More details emerged this week on the activities of al-Qaida in West Africa, especially in Liberia, where terrorists allegedly have been closely working with the government in the diamond trade.
The new information on al-Qaida is part of a report by the United Nations-backed war crimes court in Sierra Leone, leaked to foreign media.
It is being described as a watered down version of what was given to the U.S. commission investigating the September 11, 2001 terrorist attacks in the United States.
It details how half a dozen senior al-Qaida operatives worked closely with top officials in Liberia onwards from 1999 during the rule of former Liberian President Charles Taylor. It says they were basically given a safe haven to make illicit diamond deals.
Mr. Taylor, who left power last year in exchange for asylum in Nigeria, stands accused of having sold diamonds from rebels he backed in Sierra Leone until 2002. He has denied this and has refused to appear in court.
The head prosecutor in Freetown, David Crane, says his investigators easily traced back some of the illicit diamond trade to al-Qaida.
"When you place an international legal entity in a part of the world that has not really known the rule of law for many, many, many, years you're going to find all sorts of actors moving in and about what I would call a dark corner of the world and there are many of them and this just happens to be one," he said. "Certainly, al-Qaida have been here for a couple of years and they have been using diamonds to wash their money and so, yes, they certainly have a presence here. There's specific and direct evidence to that effect."
Mr. Crane says terrorists then easily re-sold smuggled diamonds.
Some investigators, from non-governmental groups like London-based Global Witness, believe al-Qaida's diamond proceeds, estimated at least $15 million, helped finance the 2001 terrorist attacks.
The author of the recently released book Blood from Stones: The Secret Financial Network of Terror, former West Africa-based journalist Douglas Farah says the court's findings substantiate his own reporting.
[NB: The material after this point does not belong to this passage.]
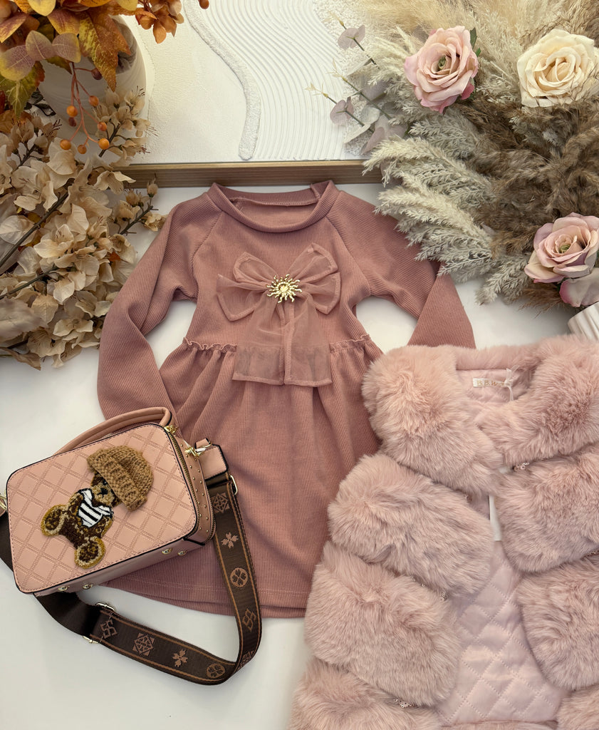Designed in a warm knit with a soft tulle bow and shiny sun charm front and centre.

He alleges U.S. intelligence neglected what was happening in Liberia, despite the close ties between the two countries.
"It's one of the things that is so embarrassing to the U.S intelligence community that there's one place in West Africa where they could've had a handle on events happening and should have had a handle of events, it was in Liberia but they essentially paid very little attention to Taylor and his multiple criminal activities for many years," he commented.
After years of civil war in Sierra Leone and then Liberia, it was, however, the U.S government who pushed for sanctions against Liberia and then demanded Mr. Taylor leave power a year ago.
U.N. peacekeeping operations in both Liberia and Sierra Leone seem to leave little room for the terrorists to maneuver for now.
But Mr. Farah thinks al-Qaida operatives could move to nearby areas in West Africa, which remain essentially lawless.
"You have most of the Congo which is not occupied by a state, you have much of Mauritania, Chad, Niger and even parts of Ivory Coast which are now no longer really under state control," he said. "It's in those gray areas, those stateless areas where it's so easy to hide, where intelligence gathering is so difficult, that they can use easily as their rear-guard areas and I think they will be increasingly exploiting those as they become pressured in their more traditional areas."
Diamonds are not everywhere, however, and a new certification system tries to prevent the sale of precious gems from conflict areas, making illicit trading more difficult.
In Mali, Niger, Chad and Mauritania, four vast, largely uncontrolled countries described as possible rest and recovery areas for terrorists, the U.S. military has started anti-terrorism training with national armies. Some analysts say these countries are cooperating because they are getting free training and equipment, and not because they are committed to eradicating possible terrorist threats.
Emmanuel Sowatey from the Ghana-based African Security Dialogue and Research group says most governments in the region have more pressing matters to deal with than terrorists.
"The threat of terrorism, because it's not as strong as the instabilities being spread in the sub-region by rag-tag armies, you know rebel forces, the issue of terrorism is not as important as dealing with the Ivorian crisis, trying to strengthen democracies in our countries," he said.
Mr. Sowatey points out the region itself has not been a target of attacks, but that this could change as more and more of the world's oil comes from West Africa.
Analysts interviewed for this report also fear future African terrorists could be spurred on by hard-line Islamic clerics who have been setting up mosques, charities and schools throughout impoverished Muslim areas in West Africa.